Мать. Дело Артамоновых — страница 52 из 57

«Туда же, — рассуждает, идиот…»

А Носков поучительно сказал:

— Без этого — не живут. У всякого — своя вражда, своя нужда. До свидания!

Он повернулся спиною к Якову и вломился в густую зелень елей. Послушав, как он шуршит колкими ветвями, как похрустывают сухие сучья, Яков быстро пошел на просеку, где его ждала лошадь, запряженная в дрожки, и погнал в город, к Полине.

— Вот — подлец! — почти радостно удивилась Полина. — Уже узнал, что она приходит ко мне? Скажите пожалуйста!

— Зачем ты знакомишься с такими? — сердито упрекнул Яков, но она тоже сердито, дергая желтый газовый шарфик на груди своей, затараторила:

— Во-первых — это надо для тебя же!

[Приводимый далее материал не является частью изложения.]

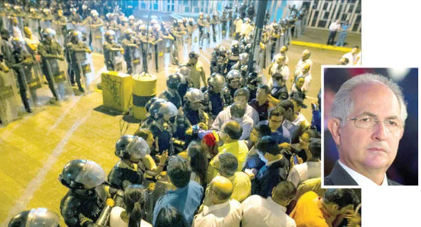 الشرطة تحرس مقر الاستخبارات في العاصمة الفنزويلية بعد اعتقال رئيس بلدية كاراكاس المعارض أنطونيو ليديزما (صاحب الصورة في الإطار) مساء أول من أمس (إ.ب.أ)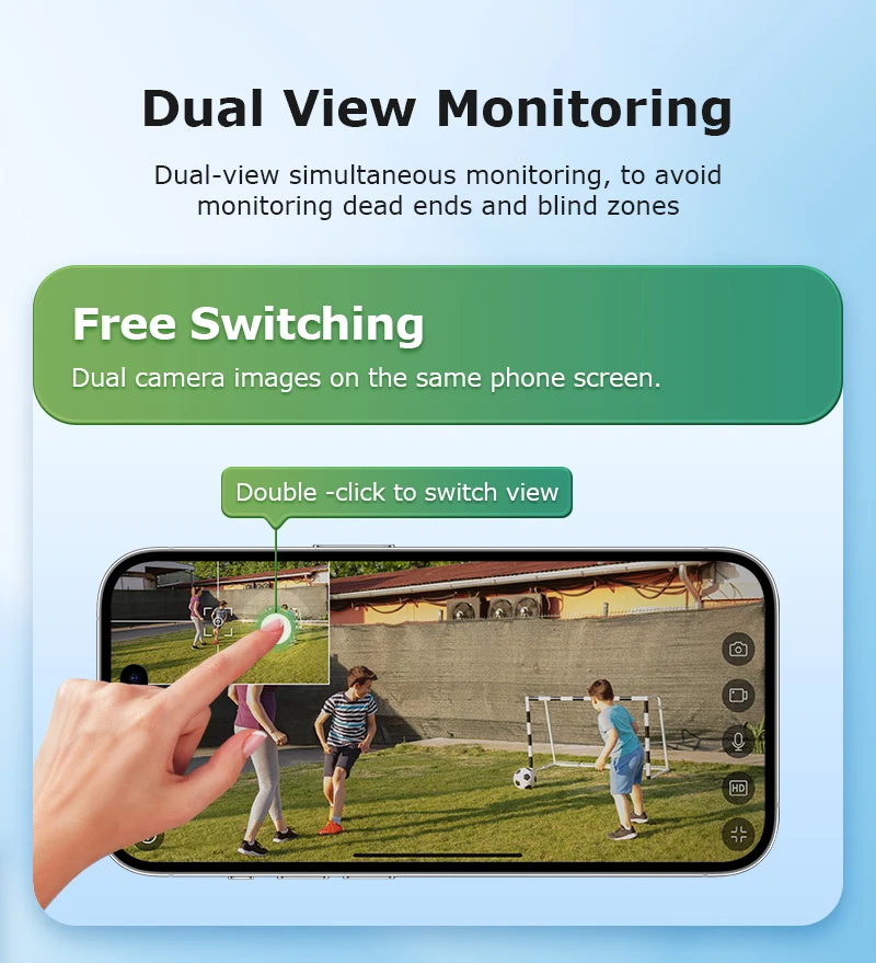 Dual-view simultaneous monitoring, to avoid monitoring dead ends and blind zones

А во-вторых — что же мне, кошек, собак завести, Маврина? Я сижу одна, как в тюрьме, на улицу выйти не с кем. А она — интересная, она мне романы, журналы дает, политикой занимается, обо всем рассказывает. Я с ней в гимназии у Поповой училась, потом мы разругались…

Тыкая его пальцем в плечо, она говорила все более раздраженно:

— Ты воображаешь, что легко жить тайной любовницей? Сладкопевцева говорит, что любовница, как резиновые галоши, — нужна, когда грязно, вот! У нее роман с вашим доктором, и они это не скрывают, а ты меня прячешь, точно болячку, стыдишься, как будто я кривая или горбатая, а я — вовсе не урод…

— Погоди, — сказал Яков, — женюсь! Серьезно говорю, хотя ты и свинья…

— Еще вопрос, кто из нас свиноватее! — крикнула и ребячливо расхохоталась, повторяя: — Свиноватее, виноватее, — запуталась! Солененький мой… Милый ты, не жадный! Другой бы — молчал; ведь тебе шпион этот полезен…

Как всегда, Яков ушел от нее успокоенный, а через семь дней, рано утром табельщик Елагин, маленький, рябой, с кривым носом, сообщил, что на рассвете, когда ткачи ловили бреднем рыбу, ткач Мордвинов, пытаясь спасти тонувшего охотника Носкова, тоже едва не утоп и лег в больницу. Слушая гнусавый доклад, Яков сидел, вытянув ноги для того, чтоб глубже спрятать руки в карманы, руки у него дрожали.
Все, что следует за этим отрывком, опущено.